### THE PROBLEM:
If pictures appear among the lines below, leave them out while you return exactly the lines from the one with "大会还审议通过了《华南理工大" through the one with "Gear Shift Knob".

### DATA SHOWN:
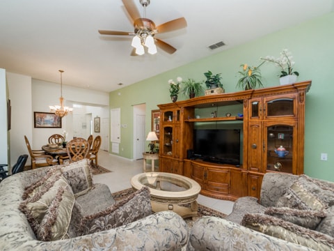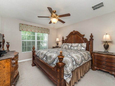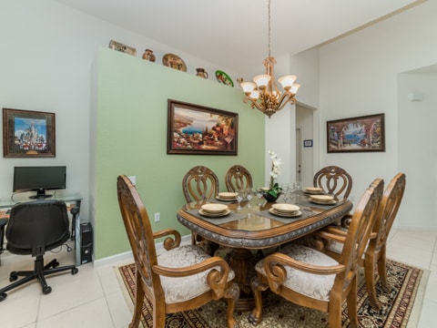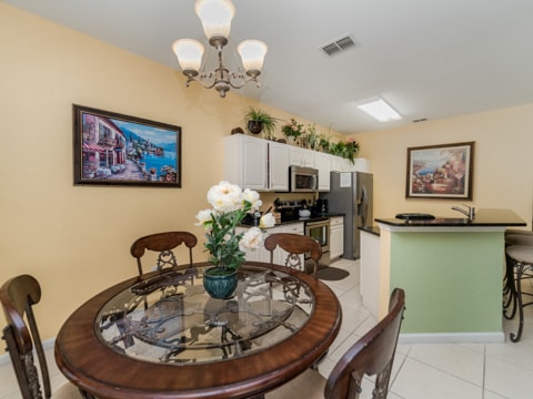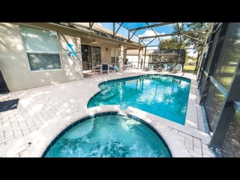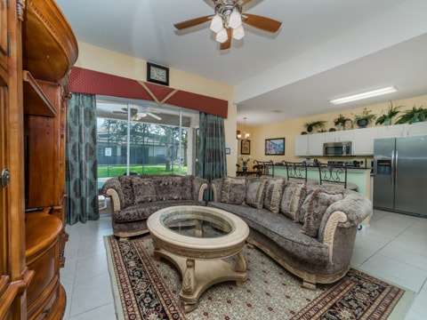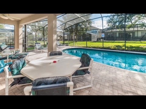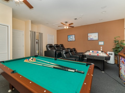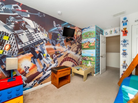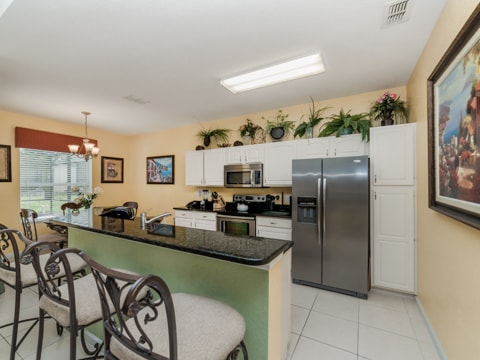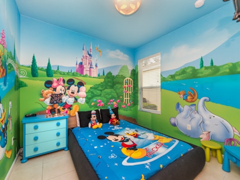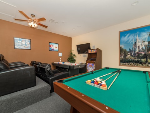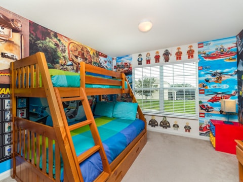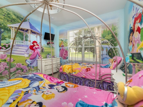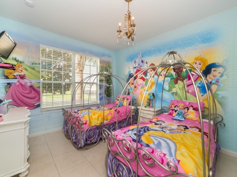 Get ready for a whole new way to vacation by staying in this alluring 5 bedroom 5 bathroom home located in the resort community of Windsor Hills. This open concept home is perfect for your vacation and designed expertly as a part of the grand collection. With surprises around each corner, everyone on your vacation will be happy! First, the living room is situated perfectly to overlook the pool area and designed around the 50” flat screen TV. The sliding glass doors easily convert this space into an indoor-outdoor living room. The kitchen overlooks the living room and features granite, stainless steel appliances and new cabinetry. The dining room table, breakfast nook and breakfast bar seat a total of 13- plenty for big family meals. The rooms in this house are where the magic comes alive. The master bedroom and guest have 2 king beds. Another has 2 twins and a Princess decorated room. Fall asleep to the voices of your favorite princesses in this room. Another room, with one twin is all about Mickey and Minnie. Sleep next to the famous duo here! Lastly, another room features a twin over full bunk bed and is themed with Legos in mind. Any of your little ones will have the best stay here! There is much more for entertainment. The home theater boasts a 55” TV and the gameroom has games like billiards and air hockey. After family game night, go out back for a swim in the private pool and spa. This home also comes with access to the Windsor Hills clubhouse. Book your stay today and change how you vacation!
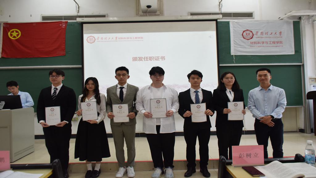大会还审议通过了《华南理工大学材料与工程学院学生会章程》修订案(草案)。为表彰工作表现突出的学生会部门,彭树立老师向秘书部颁发了“优秀部门”锦旗;为感谢辛勤工作的部门成员,彭树立老师为他们颁发任职证书。最后,彭树立老师致辞。他勉励学生干部牢记初心使命,学好专业知识的同时做好同学们的服务工作,提升自身综合素质,引导广大同学们共同成长成才。
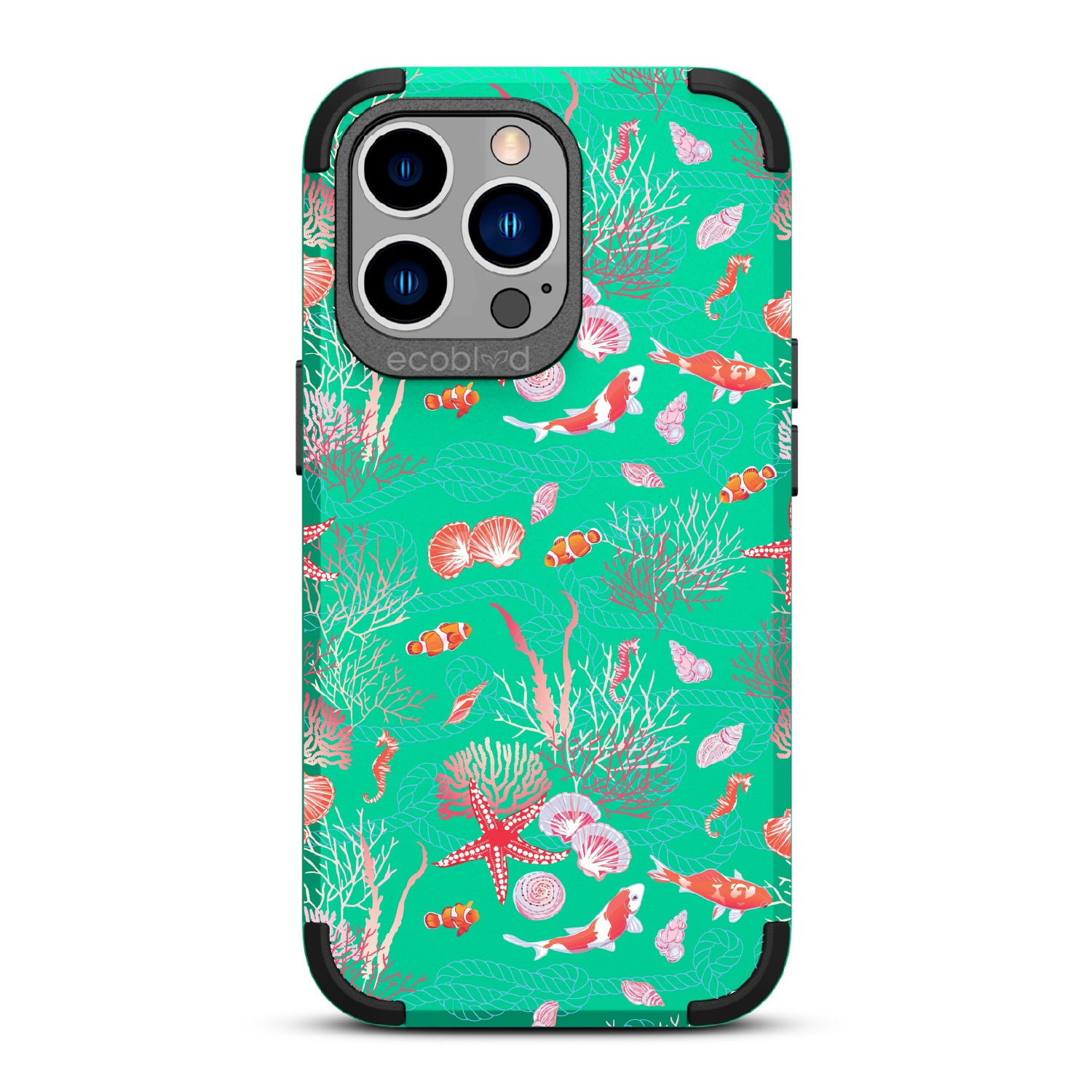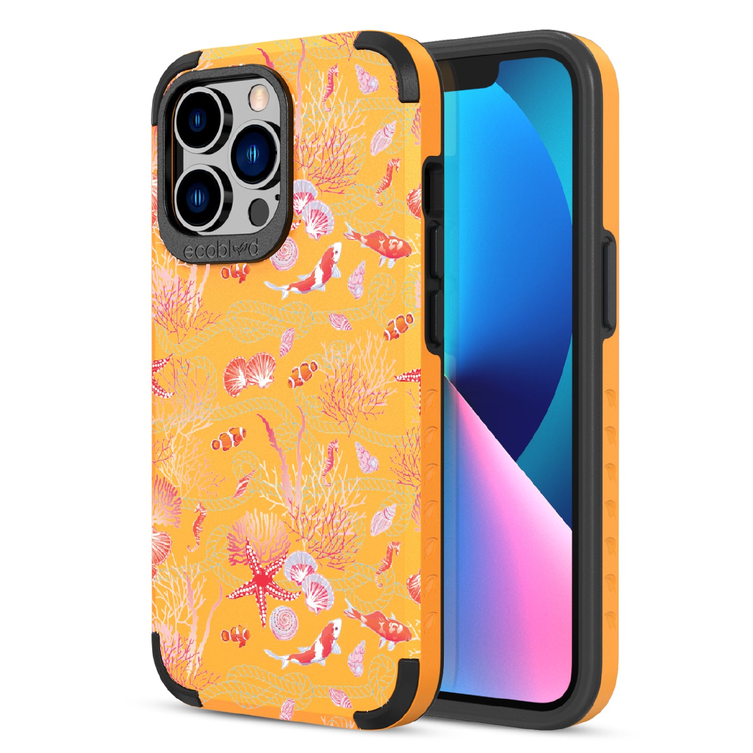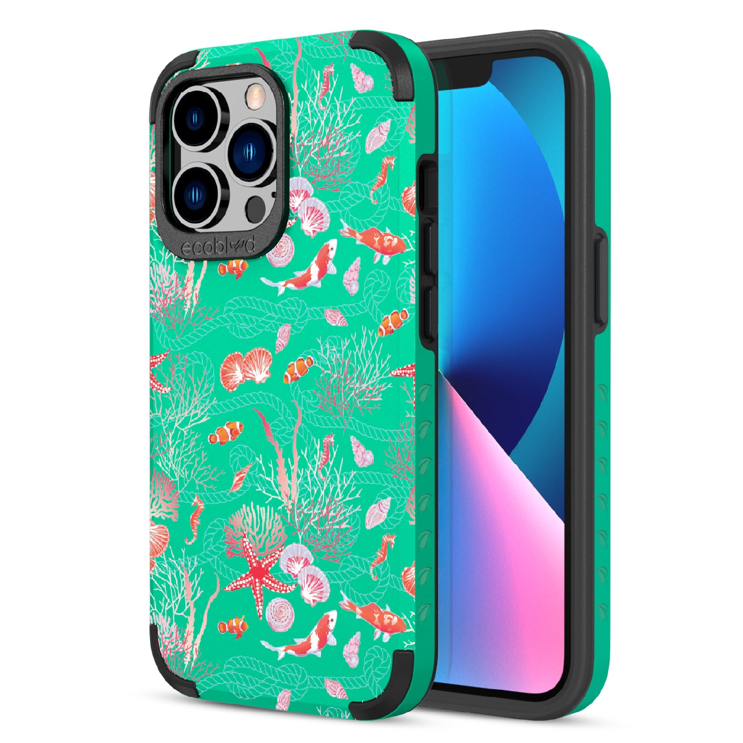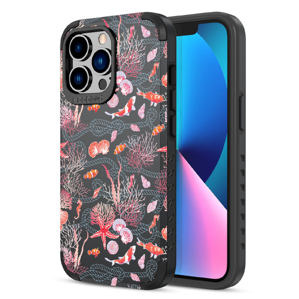 The coral is always brighter, Under the Sea! With this design our Mojave rugged and compostable iPhone 13 Pro phone case, you'll see, your phone’s full of glee, under the sea! Coral and critters, they all come together, swirling in hues, pinks, and blues, where life’s better wetter, take it from me! Your phone will be dancing, twirling, and prancing, carrying the magic of the ocean so fancy! So let your phone be, full of joy and glee, under the sea.
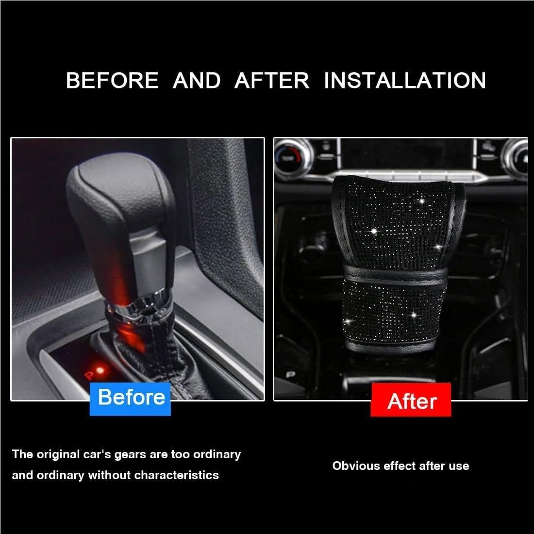 Gear Shift Knob Cover with Crystal Glitter Bling Rhinestones, Knob Gear Stick Pr
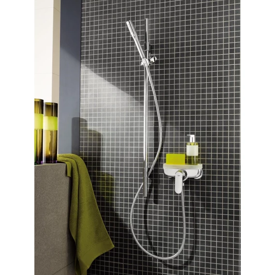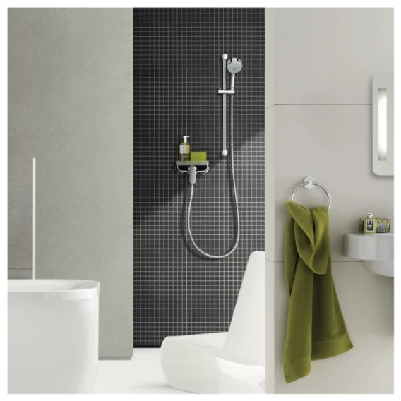 При выборе смесителя для душа выбор пал однозначно на фирму Grohe. Надежное немецкое качество, при этом их цены мне нравятся больше, чем у собратьев из Hansgrohe. Модель Eurosmart Cosmopolitan это своего рода компромисс. Хороший надежный латунный корпус, в нем чувствуется вес и уверенность. Предлагается за адекватную цену. При этом сама модель довольно простая, ничего лишнего и получается вроде без переплаты. У нас на кухне уже несколько лет стоит смеситель из серии Cosmopolitan и он нас полностью устраивает. За 5 лет ничего протекать не начало, качество устраивает, так что решили и дальше оставаться на этой серии. В комплекте со смесителем шланг не идёт, поэтому был отдельно докуплен металлический шланг, а также душевая штанга и душевая лейка из той же серии. Установка обычная, в комплекте со смесителем идут два эксцентрика, сантехник нам всё повесил и подключил меньше, чем за час.
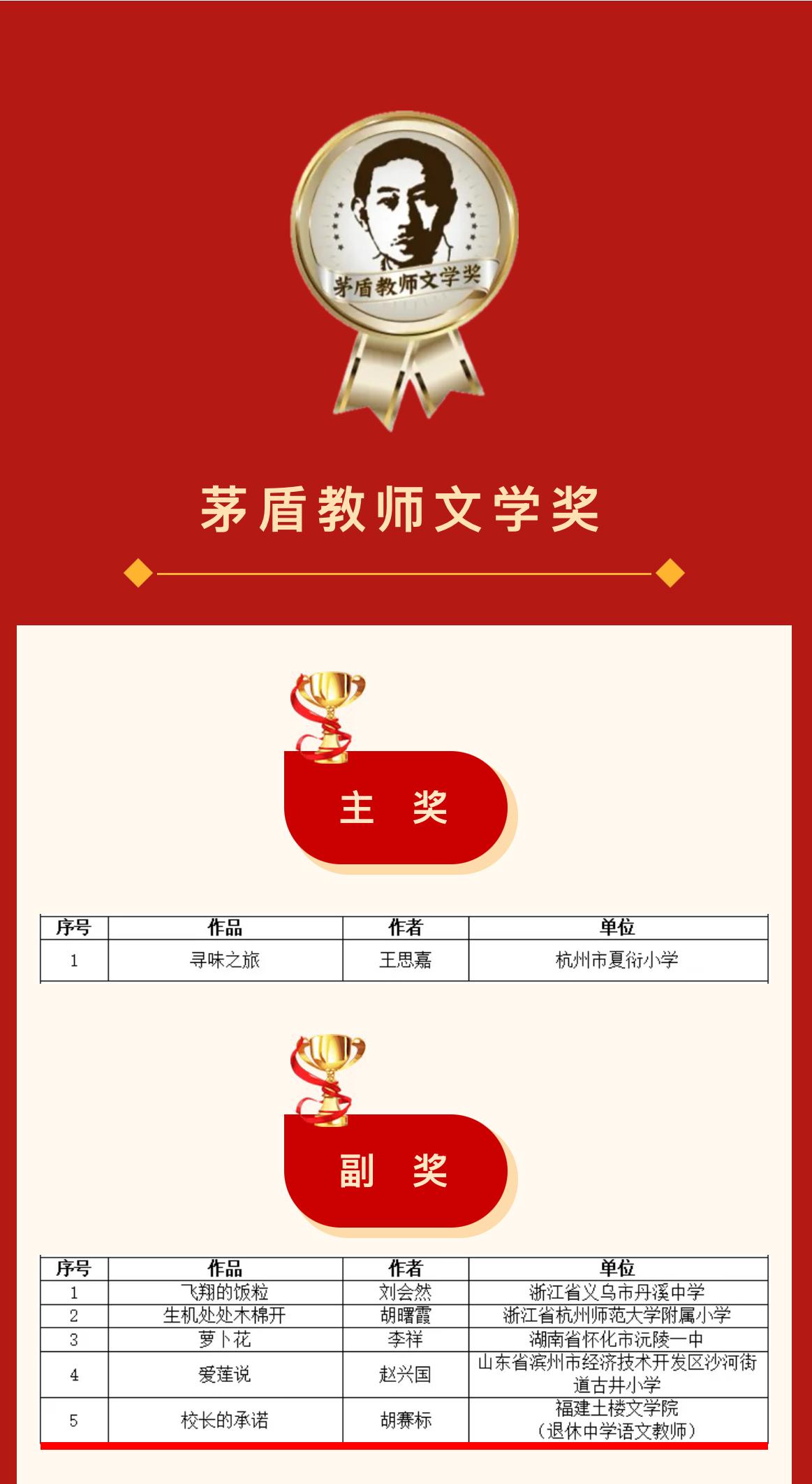 視頻加載中... 永定新聞網訊(廖金材 邱頌橋)日前,經茅盾先生家人授權,由浙江少兒閱讀聯盟、浙江教學月刊社、桐鄉市茅盾紀念館、桐鄉市烏鎮植材小學(茅盾小學母校)聯合主辦、《作文新天地》雜志承辦的首屆“茅盾作文獎”“茅盾教師文學獎”揭曉獲獎名單,永定區作家胡賽標榮獲“茅盾教師文學獎”·副獎,是福建省唯一獲獎的教師作家。
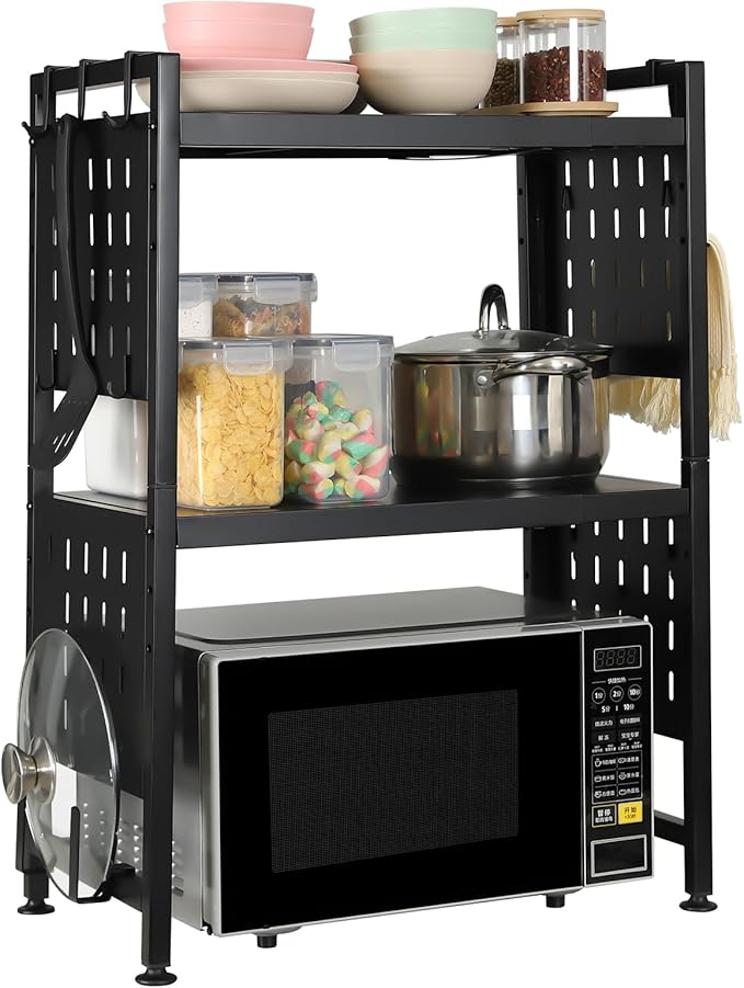 3 Tier Shelf Extendable Microwave Oven Rack Adjustable Bakers Rack for Kitchens Countertop Organizer Shelf with 4 Hooks and Pot Lid Support, Black

### TASK SOLUTION:
大会还审议通过了《华南理工大学材料与工程学院学生会章程》修订案(草案)。为表彰工作表现突出的学生会部门,彭树立老师向秘书部颁发了“优秀部门”锦旗;为感谢辛勤工作的部门成员,彭树立老师为他们颁发任职证书。最后,彭树立老师致辞。他勉励学生干部牢记初心使命,学好专业知识的同时做好同学们的服务工作,提升自身综合素质,引导广大同学们共同成长成才。
 The coral is always brighter, Under the Sea! With this design our Mojave rugged and compostable iPhone 13 Pro phone case, you'll see, your phone’s full of glee, under the sea! Coral and critters, they all come together, swirling in hues, pinks, and blues, where life’s better wetter, take it from me! Your phone will be dancing, twirling, and prancing, carrying the magic of the ocean so fancy! So let your phone be, full of joy and glee, under the sea.
 Gear Shift Knob Cover with Crystal Glitter Bling Rhinestones, Knob Gear Stick Pr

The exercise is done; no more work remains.